[Task data Boundary: Start]
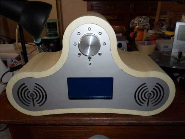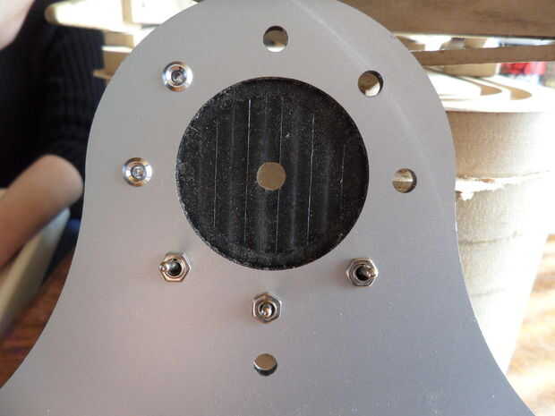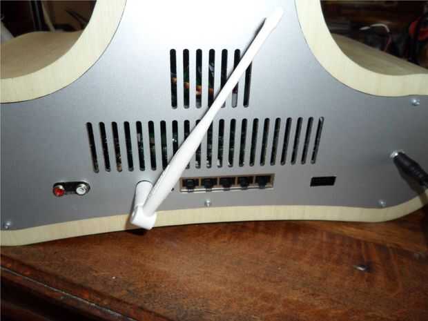 La parte trasera tenía una salida de audio e inserta un conector de programación y pegado a él, un powerconnector fue atornillado a ella y se añadió el router. El panel se enrosca al cuerpo por lo que se puede quitar facilmente.
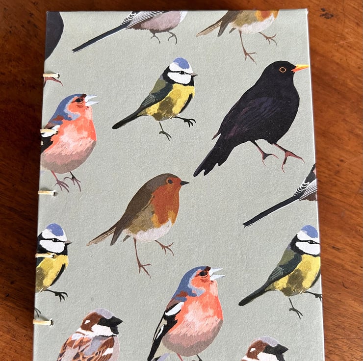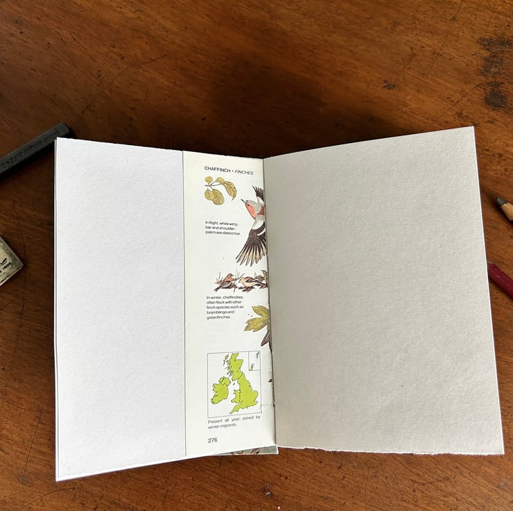 The front and back covers are a British birds themed paper. Inside are five signatures each consisting of a selection of pages from the Readers Digest book of British birds alongside cartridge paper. There are plenty of blank pages for your use.
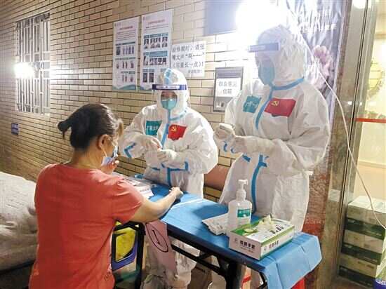 ▲冯素云在登峰街云泉社区做核酸检测工作。
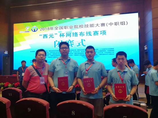 在2018年全国职业院校技能大赛中职组网络布线赛项中,我校黄铮、范云老师指导的董澄宇、王洪、李费俊三位学生获得三等奖的好成绩,收获三枚铜牌,这也是我校代表队在该项目国赛中首次获奖。祝贺获奖学生与教师。
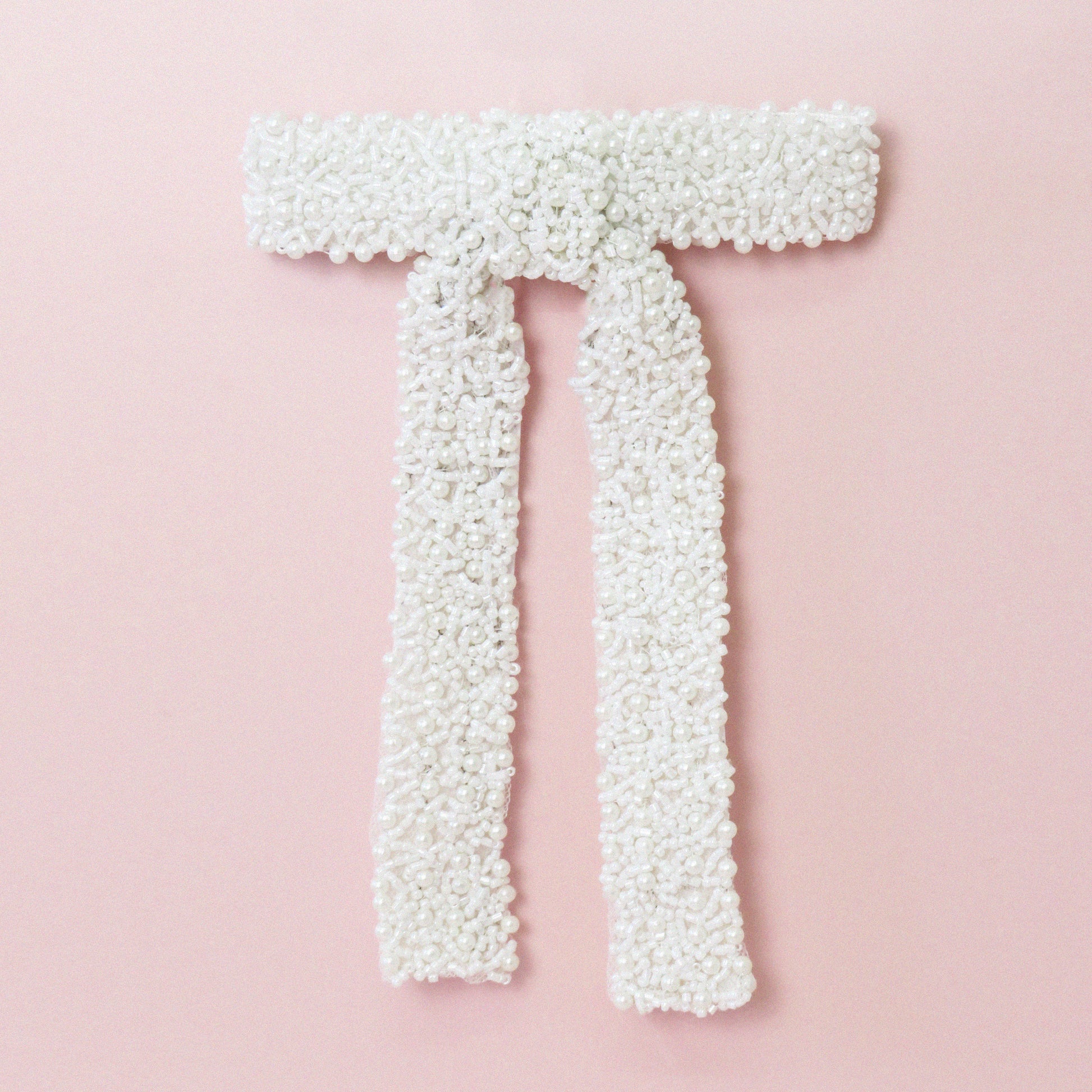 Add a touch of bridal luxury with our pearl-embellished hair bow. Effortlessly elegant — the perfect finishing touch for hen nights, wedding mornings, or bridesmaid looks. Secured with a sturdy clip for all-day wear.
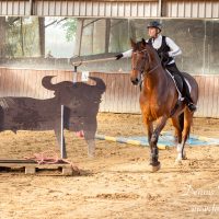 Natuurlijk stond er ook een Working Equitation les gepland op de dag. Diverse deelnemers waren gekomen voor de WE-stijltrail, speedtrail en dressuur. Het niveau was keurig verdeeld over de diverse klasse. Waar nodig liep Ton van zijn jurystoel in de binnenbak om hulp te bieden. Dit in zijn eigen rustige stijl en kalmte, zodat het vertrouwen werd overgedragen aan paard en ruiter om het hierna zelf te doen. Met succes.
[Task data Boundary: End]
Exercise details: Every line above should be printed again word for word, without its pictures.

Written answer:
 La parte trasera tenía una salida de audio e inserta un conector de programación y pegado a él, un powerconnector fue atornillado a ella y se añadió el router. El panel se enrosca al cuerpo por lo que se puede quitar facilmente.
 The front and back covers are a British birds themed paper. Inside are five signatures each consisting of a selection of pages from the Readers Digest book of British birds alongside cartridge paper. There are plenty of blank pages for your use.
 ▲冯素云在登峰街云泉社区做核酸检测工作。
 在2018年全国职业院校技能大赛中职组网络布线赛项中,我校黄铮、范云老师指导的董澄宇、王洪、李费俊三位学生获得三等奖的好成绩,收获三枚铜牌,这也是我校代表队在该项目国赛中首次获奖。祝贺获奖学生与教师。
 Add a touch of bridal luxury with our pearl-embellished hair bow. Effortlessly elegant — the perfect finishing touch for hen nights, wedding mornings, or bridesmaid looks. Secured with a sturdy clip for all-day wear.
 Natuurlijk stond er ook een Working Equitation les gepland op de dag. Diverse deelnemers waren gekomen voor de WE-stijltrail, speedtrail en dressuur. Het niveau was keurig verdeeld over de diverse klasse. Waar nodig liep Ton van zijn jurystoel in de binnenbak om hulp te bieden. Dit in zijn eigen rustige stijl en kalmte, zodat het vertrouwen werd overgedragen aan paard en ruiter om het hierna zelf te doen. Met succes.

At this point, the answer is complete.